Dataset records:
════════════════

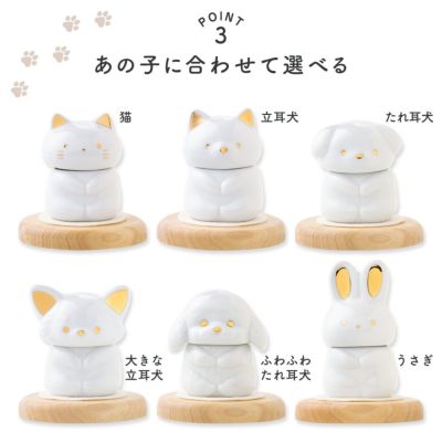 ペット メモリアル 供養 ペット供養 お供え 記念品 お悔やみ ペット仏具 ペット骨壺 永遠の愛(6種) 木製台付 置物 かわいい 陶磁器 置物 メモリアルグッズ リュウコドウ 犬 猫 動物 猫/立耳犬/たれ耳犬/大きな立耳犬/ふわふわたれ耳犬/うさぎ
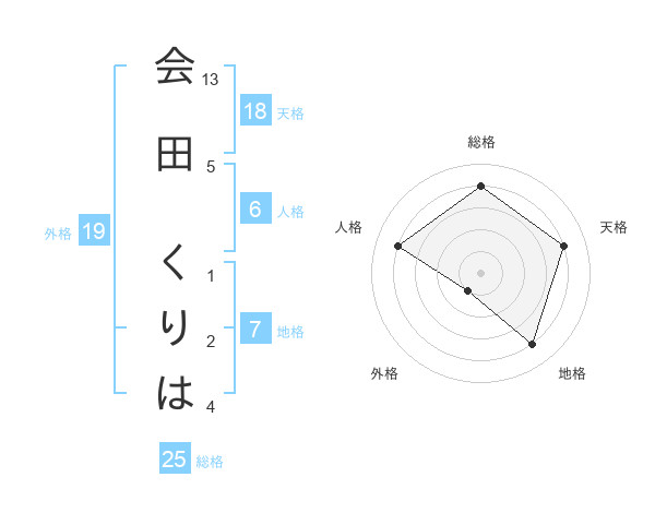 会田 くりはさんの総格は25画の4点!
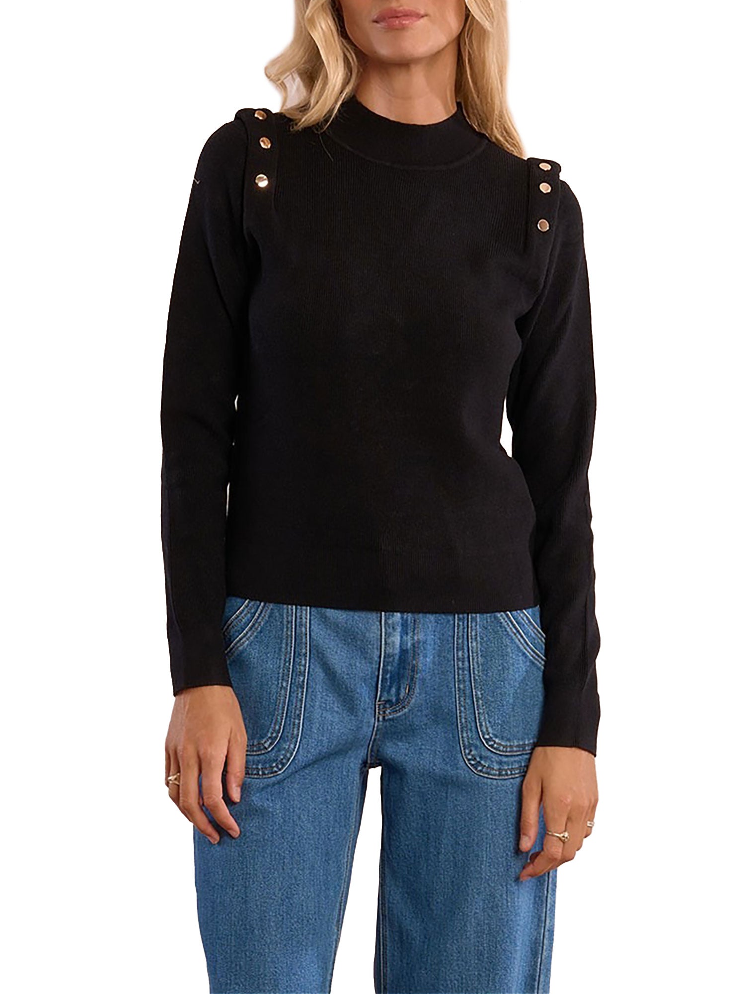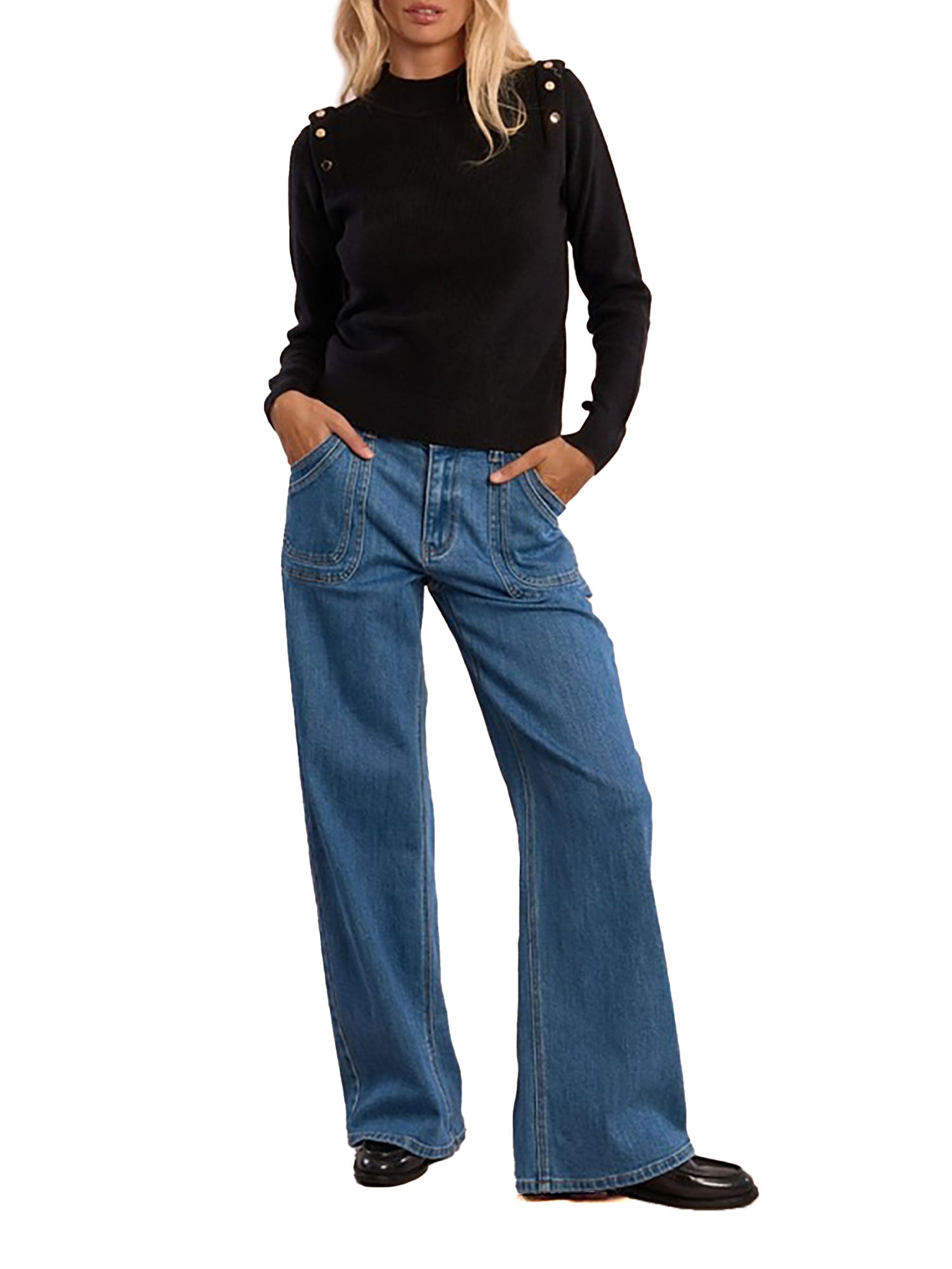 Lupetto Molly Bracken donna manica lunga con bottoni su spalla nero
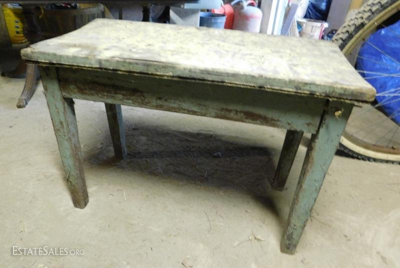 Small Vintage Wood Bench. Has some wear and wood damage.
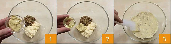 To prepare chicken sticks with mustard sauce, start with the sauce: first add Dijon mustard to the mayonnaise, then the milder mustard 1, and finally the honey 2. Mix with a spatula or spoon to obtain a homogeneous mixture 3 and cover the bowl with plastic wrap. Then place the bowl in the refrigerator.
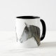 A pastel portrait of a lovely grey horse is featured on this pretty mug.
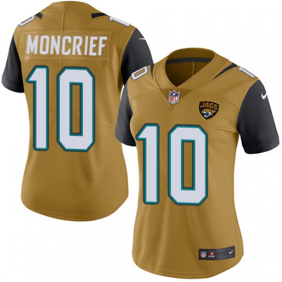 >Women's Nike Jacksonville Jaguars #10 Donte Moncrief Limited Gold Rush Vapor Untouchable NFL Jersey
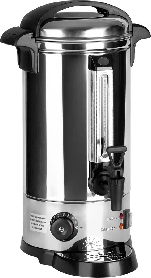 Кипятильник GASTRORAG DK-LX-200 – это техника для профессиональной кухни наливного типа. Он требует подключения к водопроводу и обеспечит вас горячей водой для приготовления напитков повсюду, где есть электрические розетки 220 V. Кипятильник имеет объем 20 л и идеально подходит для ресторанов, кафе, баров и столовых средней пропускной способности. Время кипячения составляет 45-55 минут в зависимости от начальной температуры воды. После закипания воды в целях экономии электроэнергии термопот автоматически переходит в режим подогрева, т.е. периодически включается и выключается для поддержания температуры. Заливной кипятильник для воды Gastrorag DK-LX-200 имеет прочный корпус из нержавеющей стали с элементами из черной пластмассы и двумя удобными термоизолированными ручками для переноски. Стенки корпуса одинарные. Оборудование оснащено регулируемым термостатом с защитой от сухого включения. Температура регулируется в пределах от 30 до 110оС. В положении 110оС кипячение воды будет непрерывным. Закрытый ТЭН упрощает процедуру ухода и очистки от накипи. Уровень воды в резервуаре легко контролировать по показаниям мерного стекла. Розлив воды осуществляется через пластмассовый кран с системой "капля стоп".

════════════════

◆ **Problem**
Would you write out all of the data exactly as it stands, without the pictures?

◆ **Response to the exercise**
 ペット メモリアル 供養 ペット供養 お供え 記念品 お悔やみ ペット仏具 ペット骨壺 永遠の愛(6種) 木製台付 置物 かわいい 陶磁器 置物 メモリアルグッズ リュウコドウ 犬 猫 動物 猫/立耳犬/たれ耳犬/大きな立耳犬/ふわふわたれ耳犬/うさぎ
 会田 くりはさんの総格は25画の4点!
 Lupetto Molly Bracken donna manica lunga con bottoni su spalla nero
 Small Vintage Wood Bench. Has some wear and wood damage.
 To prepare chicken sticks with mustard sauce, start with the sauce: first add Dijon mustard to the mayonnaise, then the milder mustard 1, and finally the honey 2. Mix with a spatula or spoon to obtain a homogeneous mixture 3 and cover the bowl with plastic wrap. Then place the bowl in the refrigerator.
 A pastel portrait of a lovely grey horse is featured on this pretty mug.
 >Women's Nike Jacksonville Jaguars #10 Donte Moncrief Limited Gold Rush Vapor Untouchable NFL Jersey
 Кипятильник GASTRORAG DK-LX-200 – это техника для профессиональной кухни наливного типа. Он требует подключения к водопроводу и обеспечит вас горячей водой для приготовления напитков повсюду, где есть электрические розетки 220 V. Кипятильник имеет объем 20 л и идеально подходит для ресторанов, кафе, баров и столовых средней пропускной способности. Время кипячения составляет 45-55 минут в зависимости от начальной температуры воды. После закипания воды в целях экономии электроэнергии термопот автоматически переходит в режим подогрева, т.е. периодически включается и выключается для поддержания температуры. Заливной кипятильник для воды Gastrorag DK-LX-200 имеет прочный корпус из нержавеющей стали с элементами из черной пластмассы и двумя удобными термоизолированными ручками для переноски. Стенки корпуса одинарные. Оборудование оснащено регулируемым термостатом с защитой от сухого включения. Температура регулируется в пределах от 30 до 110оС. В положении 110оС кипячение воды будет непрерывным. Закрытый ТЭН упрощает процедуру ухода и очистки от накипи. Уровень воды в резервуаре легко контролировать по показаниям мерного стекла. Розлив воды осуществляется через пластмассовый кран с системой "капля стоп".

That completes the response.